Front row: Scott Richardson, Holly McGahey, Gemma Keers, Annice Savill; Middle row: Jess Van Dee Meer, Evie Morris, Annika Clayton, Alex Taylor; Back row: Ryan Metelovski

Despite the successful lesson on beach safety, Alex, Jemima and their friends’ lifesaving duties were far from over for the weekend.

“We were sitting there having a great lunch when someone came running up and said, ‘we need you again’. I couldn’t believe it. We ran straight down to the beach,” said Alex.

Alex and Ryan Metelovski got down to the beach first and saw four people caught in the same rip. They dived straight into the water.

“Ryan pulled two guys out on body boards close to shore but there were two other people in the rip being swept out, so I swam out to them,” said Alex.

Two people were struggling to stay above the water. One was a man in his forties, the other a teenage boy. Alex reached the boy, reassured him and swam him out of the rip.

Meanwhile, Jamie Harrison and Holly McGahey had paddled out on their longboards. They managed to get the two men onto their boards.

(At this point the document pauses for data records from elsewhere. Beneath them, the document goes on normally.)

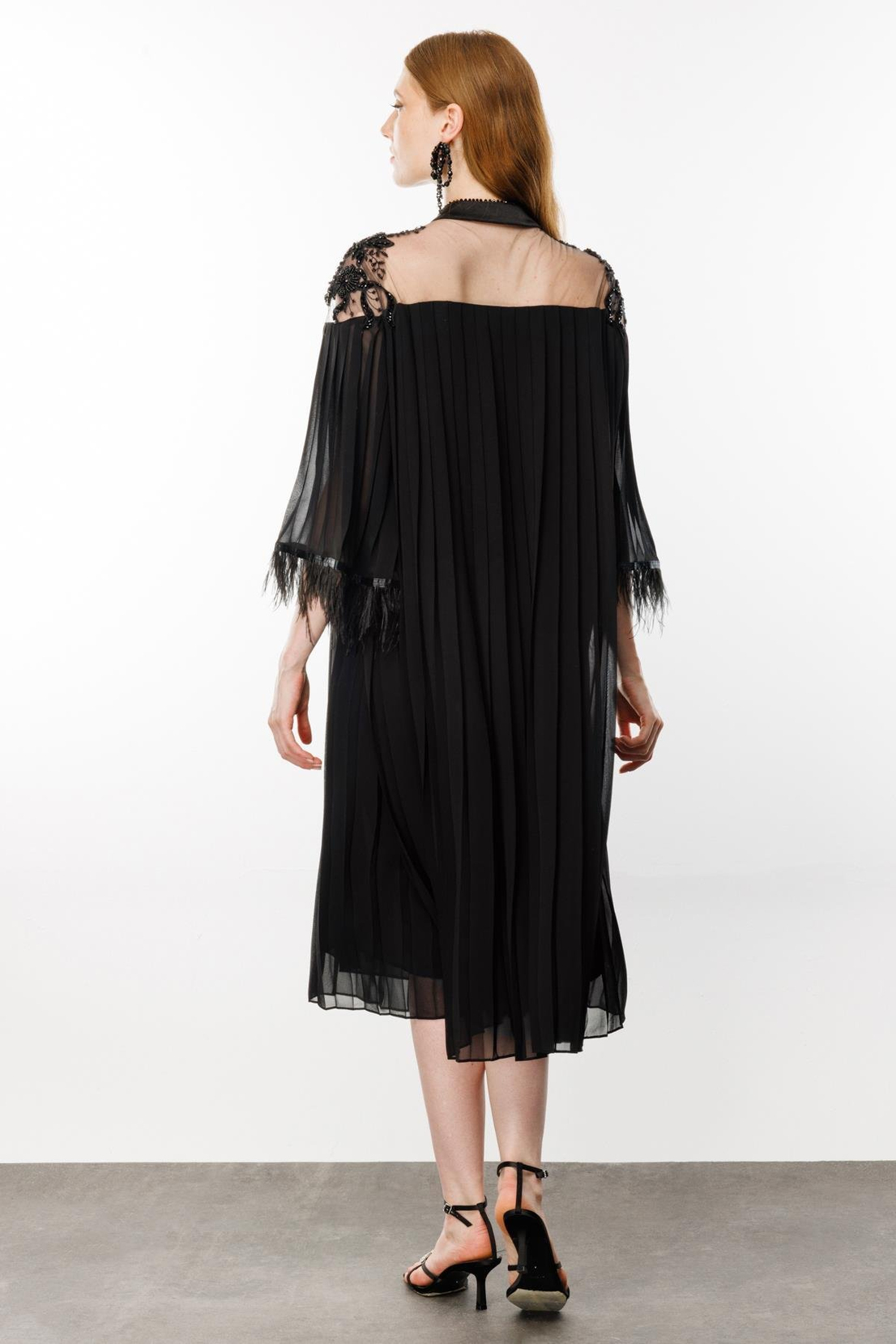 Feathered Armhole Pleated Dress BLACK Pleated Dress with Feathered Armholes POWDER
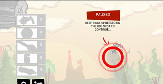 大家切记操作的第一要点就是手指必须时刻保持在屏幕上不能离开。因为只有手指在屏幕上持续拖动才能做出击打动作。而且手指一旦离开屏幕,游戏就会自动暂停。
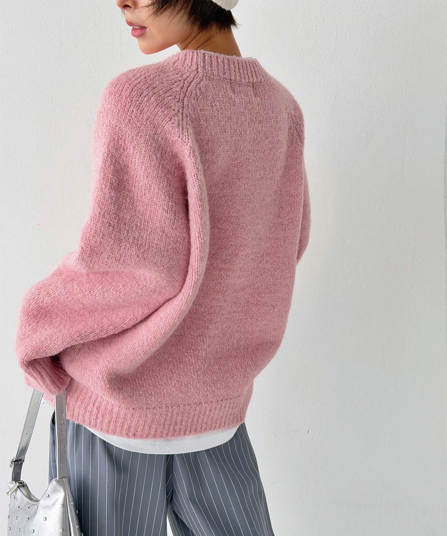 보송한 브러쉬 텍스처와 실의 결감이 은은하게 섞여 보이는 멜란지 톤의 원사로 편직해, 가볍게 걸쳐도 따뜻한 무드를 완성합니다.
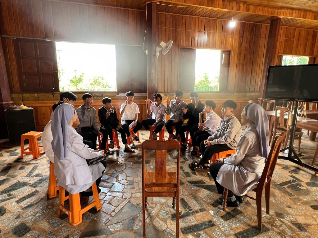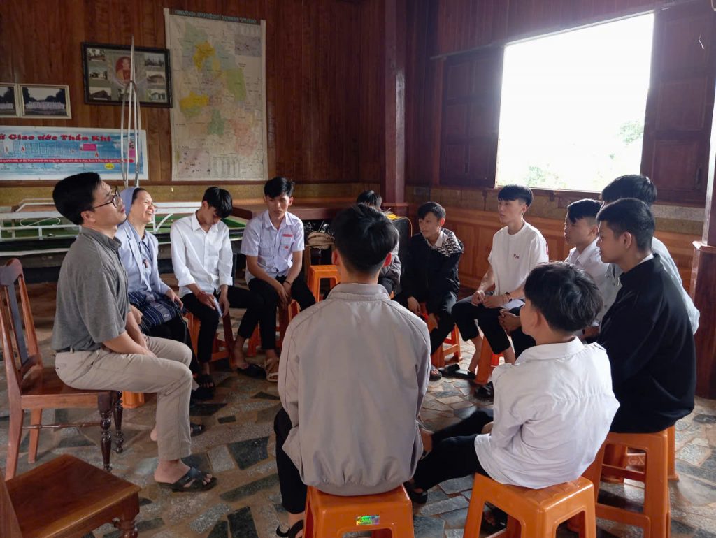 Song song với đó, quý sơ Dòng Con Đức Mẹ Vô Nhiễm đã nhiệt tình đồng hành với các em qua các giờ thảo luận nhóm và sinh hoạt. Những chia sẻ gần gũi, chân thành của quý sơ đã giúp các em cởi mở hơn trong việc bày tỏ những thao thức, khó khăn cũng như ước mơ của mình. Bầu khí gia đình thân thiện đã tạo nên một không gian an toàn để mỗi người được lắng nghe và được nâng đỡ.

Remembering the conversation over lunch about cultural sensitivities, it was Alex and Ryan who then paddled the men to shore.

“We pulled the two guys out. They were in a bad way. They were both vomiting and had taken on water,” said Alex.

For the second time that weekend, Gemma Keers called Triple Zero and monitored the patients until help arrived.

“We were a well-oiled machine by then,” said Alex wryly.

“In fact, one of the paramedics, who had also attended the incident the day before said, ‘aren’t you guys supposed to be on holiday?’”.

Reflecting on the incident, Alex said that there were so many people in distress, he found the situation almost overwhelming.

“I thought we’d probably lose someone. It was the scariest rescue I’ve ever done,” said Alex.

“It will rattle me for a while. I felt really responsible for all those lives. It will stay with me for some time,” he said.

After the second incident Alex and his friends offered to supervise the group if they were planning on going swimming again.

“We let them know that we were more than happy to come down to the beach and look out for them while they swam,” said Alex.

Since the rescue, Alex Taylor has had time to contemplate the eventful weekend.  

"I hate to think what would have happened if we hadn't been on the beach that day," Alex said.

“If we weren’t there, people would have drowned. I’m certain about that.

“It’s actually sign-posted that it’s a dangerous, unpatrolled beach. But people disregard it,” he said.

Surf Life Saving NSW President George Shales congratulated Alex, Jemima, Holly, Ryan, Gemma and their friends on their extraordinary rescues.

“If it wasn’t for these lifesavers, their surf lifesaving training and their swift response, there would no doubt have been a tragic outcome,” he said.

It is understood that both incidents are being looked into by the NSW National Parks and Wildlife Service.